Hi
2008/9/24 Brian Levay <brian.levay@gmail.com>
> I'll submit the updates when I'm done (along with unit tests). I'm having
> a
> problem though. I sync'ed my tika baseline this morning and the Matcher
> stopped matching the <meta> tags. Any idea what my be causing this? I've
> tried many variations of the xpath expressions to match the <meta> tags.

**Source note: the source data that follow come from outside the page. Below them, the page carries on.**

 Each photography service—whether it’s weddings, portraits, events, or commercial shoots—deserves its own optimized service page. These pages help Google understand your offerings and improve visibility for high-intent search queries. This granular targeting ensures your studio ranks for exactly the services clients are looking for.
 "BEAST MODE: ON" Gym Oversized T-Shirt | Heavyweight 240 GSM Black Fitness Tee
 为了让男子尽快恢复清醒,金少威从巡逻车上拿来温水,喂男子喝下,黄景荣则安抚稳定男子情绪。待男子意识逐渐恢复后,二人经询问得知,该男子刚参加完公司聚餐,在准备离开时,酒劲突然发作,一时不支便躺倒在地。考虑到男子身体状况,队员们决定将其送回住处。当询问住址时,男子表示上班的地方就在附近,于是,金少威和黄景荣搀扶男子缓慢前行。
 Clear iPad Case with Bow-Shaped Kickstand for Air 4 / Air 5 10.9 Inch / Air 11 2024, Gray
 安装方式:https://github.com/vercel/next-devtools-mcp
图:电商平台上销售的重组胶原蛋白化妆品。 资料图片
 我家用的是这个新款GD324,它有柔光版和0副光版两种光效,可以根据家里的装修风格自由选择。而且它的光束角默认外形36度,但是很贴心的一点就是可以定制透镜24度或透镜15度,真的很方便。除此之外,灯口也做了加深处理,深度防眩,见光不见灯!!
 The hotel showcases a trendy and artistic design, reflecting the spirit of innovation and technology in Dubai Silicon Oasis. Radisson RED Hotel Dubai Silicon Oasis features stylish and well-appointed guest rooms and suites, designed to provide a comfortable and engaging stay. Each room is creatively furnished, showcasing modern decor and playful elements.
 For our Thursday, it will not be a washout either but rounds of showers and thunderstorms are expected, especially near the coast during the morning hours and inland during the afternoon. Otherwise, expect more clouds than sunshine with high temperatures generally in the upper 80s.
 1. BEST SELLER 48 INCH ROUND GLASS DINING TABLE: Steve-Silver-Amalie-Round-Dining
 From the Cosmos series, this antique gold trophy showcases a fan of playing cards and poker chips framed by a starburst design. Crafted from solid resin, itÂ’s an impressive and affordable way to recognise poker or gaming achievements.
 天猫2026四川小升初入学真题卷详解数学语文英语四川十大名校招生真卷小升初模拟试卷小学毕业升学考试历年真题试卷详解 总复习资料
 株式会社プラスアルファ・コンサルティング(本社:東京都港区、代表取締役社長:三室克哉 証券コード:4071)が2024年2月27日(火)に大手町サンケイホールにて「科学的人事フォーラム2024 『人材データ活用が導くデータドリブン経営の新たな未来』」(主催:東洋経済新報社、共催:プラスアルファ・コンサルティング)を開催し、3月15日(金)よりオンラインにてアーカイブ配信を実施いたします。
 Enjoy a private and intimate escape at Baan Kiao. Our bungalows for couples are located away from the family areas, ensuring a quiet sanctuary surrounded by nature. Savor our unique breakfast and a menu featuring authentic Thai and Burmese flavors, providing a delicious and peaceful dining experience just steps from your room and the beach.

> Right now my code in HTMLParser looks like this:
>
> Matcher body = xpath.parse("/HTML/BODY//node()");
> Matcher title = xpath.parse("/HTML/HEAD/TITLE//node()");
> Matcher meta = xpath.parse("/HTML/HEAD/META//node()");
> handler = new TeeContentHandler(
> new MatchingContentHandler(getBodyHandler(xhtml), body),
> new MatchingContentHandler(getTitleHandler(metadata),
> title),
> new MatchingContentHandler(getMetaHandler(metadata), meta));
>
> The <meta> handler isn't being called. If I use /HTML/HEAD//node() the
> handler will get called for the <head> and <title> tags but it will skip
> right past the <meta> tags. I know the tika code is seeing the META tags
> because I see the tags trying to be matched in the startElement method of
> MatchingContentHandler. Any ideas?
>
> --Brian
>
I am using effectively the same thing in a local copy and have just re-based
it again HEAD (shown in the diff below), and it appears to be working fine
for me.
What is your test XML like?
Cheers,
Dave
Index: src/main/java/org/apache/tika/parser/html/HtmlParser.java
===================================================================
--- src/main/java/org/apache/tika/parser/html/HtmlParser.java (revision
698705)
+++ src/main/java/org/apache/tika/parser/html/HtmlParser.java (working
copy)
@@ -95,9 +95,11 @@
XPathParser xpath = new XPathParser(null, "");
Matcher body = xpath.parse("/HTML/BODY//node()");
Matcher title = xpath.parse("/HTML/HEAD/TITLE//node()");
+ Matcher meta = xpath.parse("/HTML/HEAD/META//node()");
handler = new TeeContentHandler(
new MatchingContentHandler(getBodyHandler(xhtml), body),
- new MatchingContentHandler(getTitleHandler(metadata),
title));
+ new MatchingContentHandler(getTitleHandler(metadata),
title),
+ new MatchingContentHandler(getMetaHandler(metadata),
meta));
// Parse the HTML document
xhtml.startDocument();
@@ -116,6 +118,17 @@
};
}
+ private ContentHandler getMetaHandler(final Metadata metadata) {
+ return new WriteOutContentHandler() {
+ @Override
+ public void startElement(
+ String uri, String local, String name, Attributes atts)
+ throws SAXException {
+ metadata.set(atts.getValue(0), atts.getValue(1));
+ }
+ };
+ }
+
private ContentHandler getBodyHandler(final XHTMLContentHandler xhtml)
{
return new TextContentHandler(xhtml) {
|